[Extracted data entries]
--- START ---
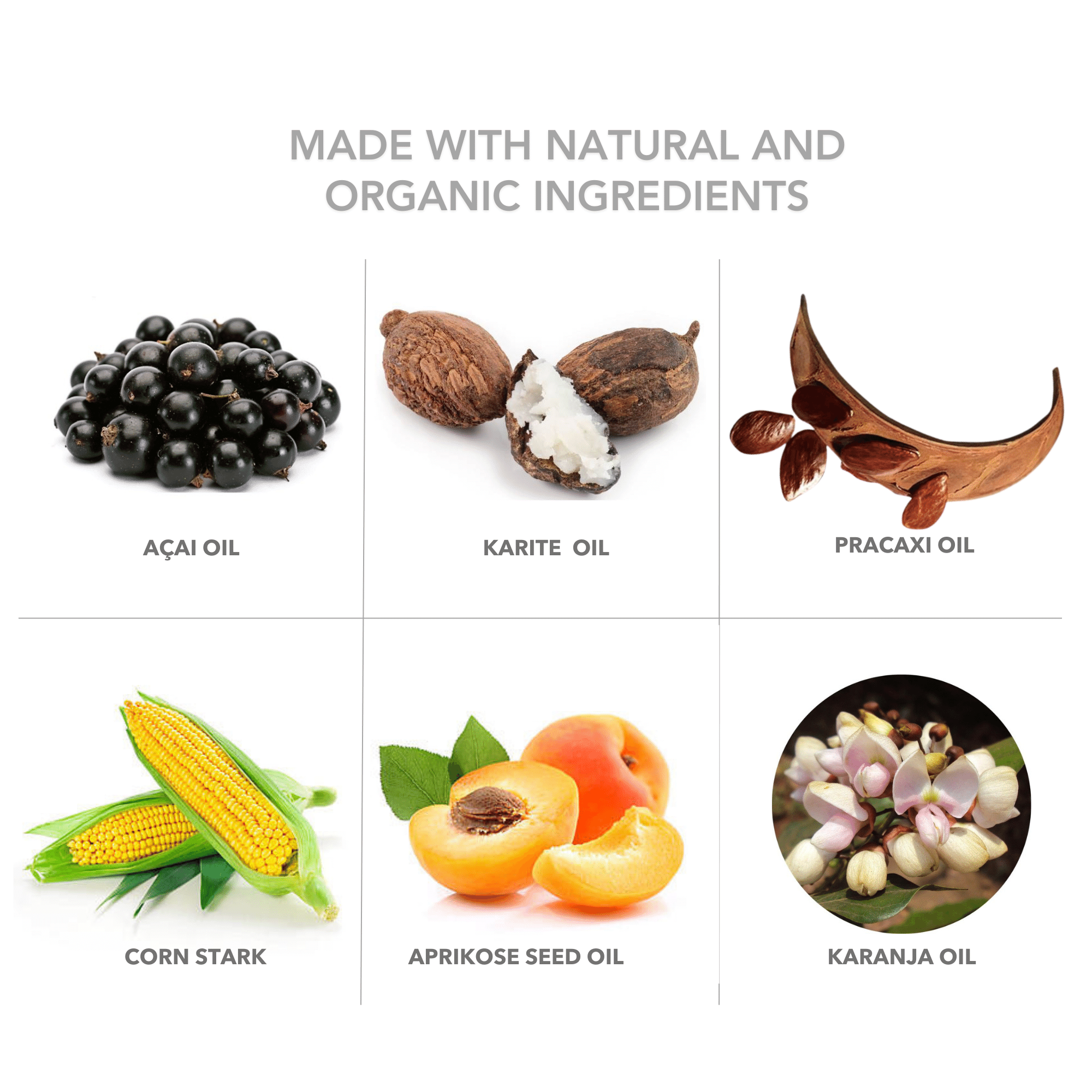 Formulierung basierend auf 100% natürlichen Zutaten, vegan, mit zertifizierten Rohstoffen aus biologischem Anbau.
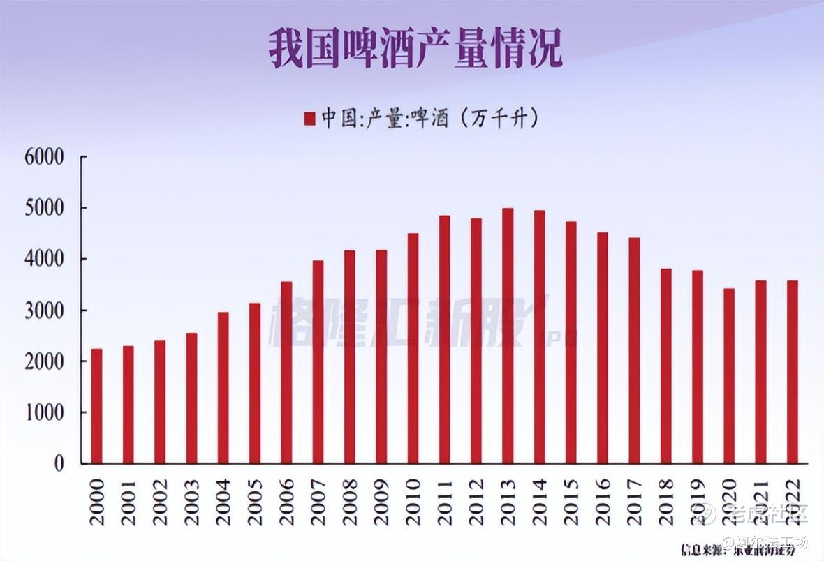 陈成稳面临的是,竞争强手如林,市场饱和。2013年国内啤酒产量约为5000万千升,达到历史最高点后,开启了一路下跌。价格大战硝烟弥漫,个别企业一瓶啤酒价格到达0.5元,啤酒行业由“大家都有钱赚”瞬间进入激烈内卷时期,要活下去唯有做大。
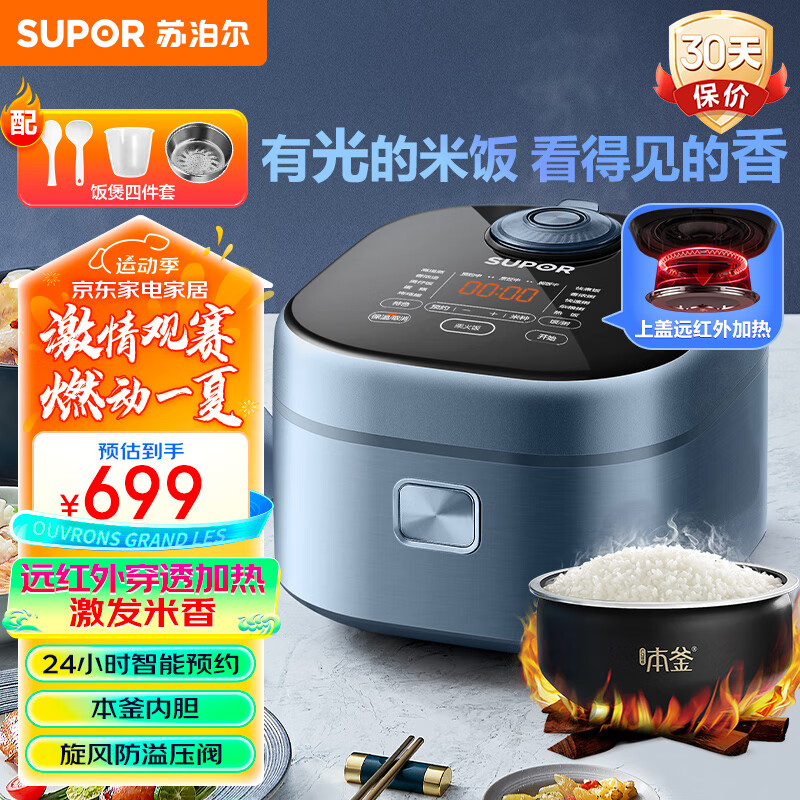 苏泊尔(SUPOR)电饭煲4L电饭锅3-8人家用本釜内胆远红外穿透加热技术大火多功能智能预约定时上盖可拆洗SF40FC686 4L价格:699.00元!
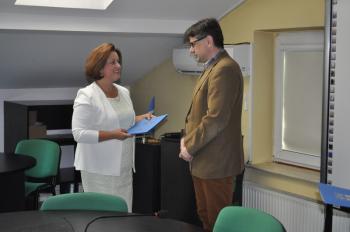 Wójt Albert Bartosz, życząc sukcesów dyrektorom, podkreślił, że jest przekonany, iż wygrali konkursy, ponieważ zasługują na to, żeby pełnić swoje funkcje. Podziękowania, gratulacje i życzenia wszystkim uczestnikom uroczystości złożyła również dyrektor Samorządowego Centrum Usług Wspólnych Halina Musiał.
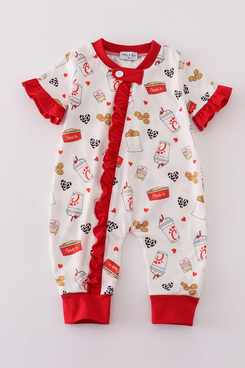 Order "Mommy and Me Red the lord's chicken print girl romper" by 6 PM for next-day delivery!
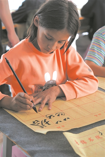 每到周末和寒暑假,在五十一團(tuán)二小就讀的11歲女孩蘇海巴,都會和爸爸媽媽一起來到這里,蘇海巴在書院學(xué)書法、唱歌和跳舞,爸爸媽媽在家庭工坊工作。
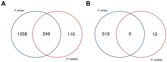 Venn diagram showing the number of P. pinea and P. radiata genes up-regulated (A) and down-regulated (B).
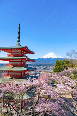 山梨県富士吉田市 春の新倉山浅間公園
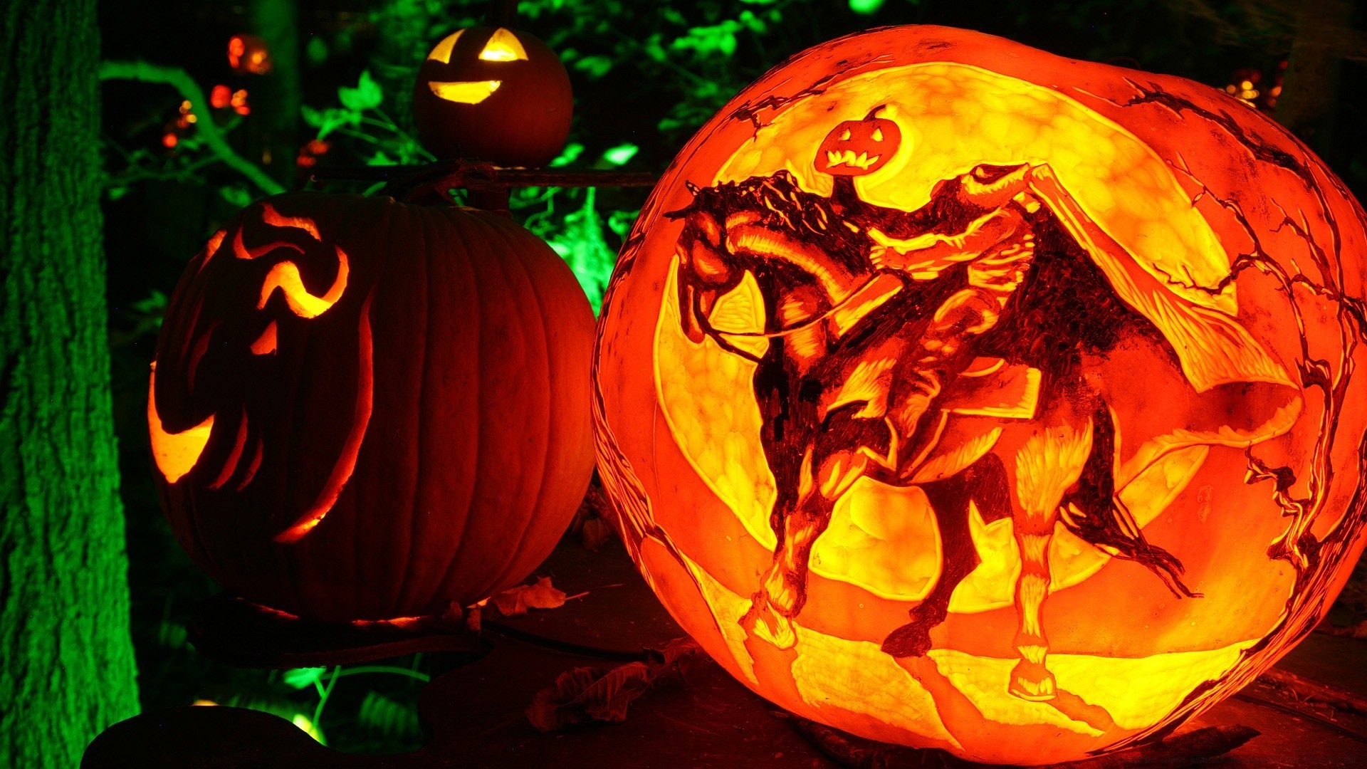 Citrouille en forme de tête avec une lanterne à l'intérieur
--- END ---
**TASK BRIEF**: What is needed here is each line above set down word for word, minus the images.

**EXERCISE OUTPUT**:
 Formulierung basierend auf 100% natürlichen Zutaten, vegan, mit zertifizierten Rohstoffen aus biologischem Anbau.
 陈成稳面临的是,竞争强手如林,市场饱和。2013年国内啤酒产量约为5000万千升,达到历史最高点后,开启了一路下跌。价格大战硝烟弥漫,个别企业一瓶啤酒价格到达0.5元,啤酒行业由“大家都有钱赚”瞬间进入激烈内卷时期,要活下去唯有做大。
 苏泊尔(SUPOR)电饭煲4L电饭锅3-8人家用本釜内胆远红外穿透加热技术大火多功能智能预约定时上盖可拆洗SF40FC686 4L价格:699.00元!
 Wójt Albert Bartosz, życząc sukcesów dyrektorom, podkreślił, że jest przekonany, iż wygrali konkursy, ponieważ zasługują na to, żeby pełnić swoje funkcje. Podziękowania, gratulacje i życzenia wszystkim uczestnikom uroczystości złożyła również dyrektor Samorządowego Centrum Usług Wspólnych Halina Musiał.
 Order "Mommy and Me Red the lord's chicken print girl romper" by 6 PM for next-day delivery!
 每到周末和寒暑假,在五十一團(tuán)二小就讀的11歲女孩蘇海巴,都會和爸爸媽媽一起來到這里,蘇海巴在書院學(xué)書法、唱歌和跳舞,爸爸媽媽在家庭工坊工作。
 Venn diagram showing the number of P. pinea and P. radiata genes up-regulated (A) and down-regulated (B).
 山梨県富士吉田市 春の新倉山浅間公園
 Citrouille en forme de tête avec une lanterne à l'intérieur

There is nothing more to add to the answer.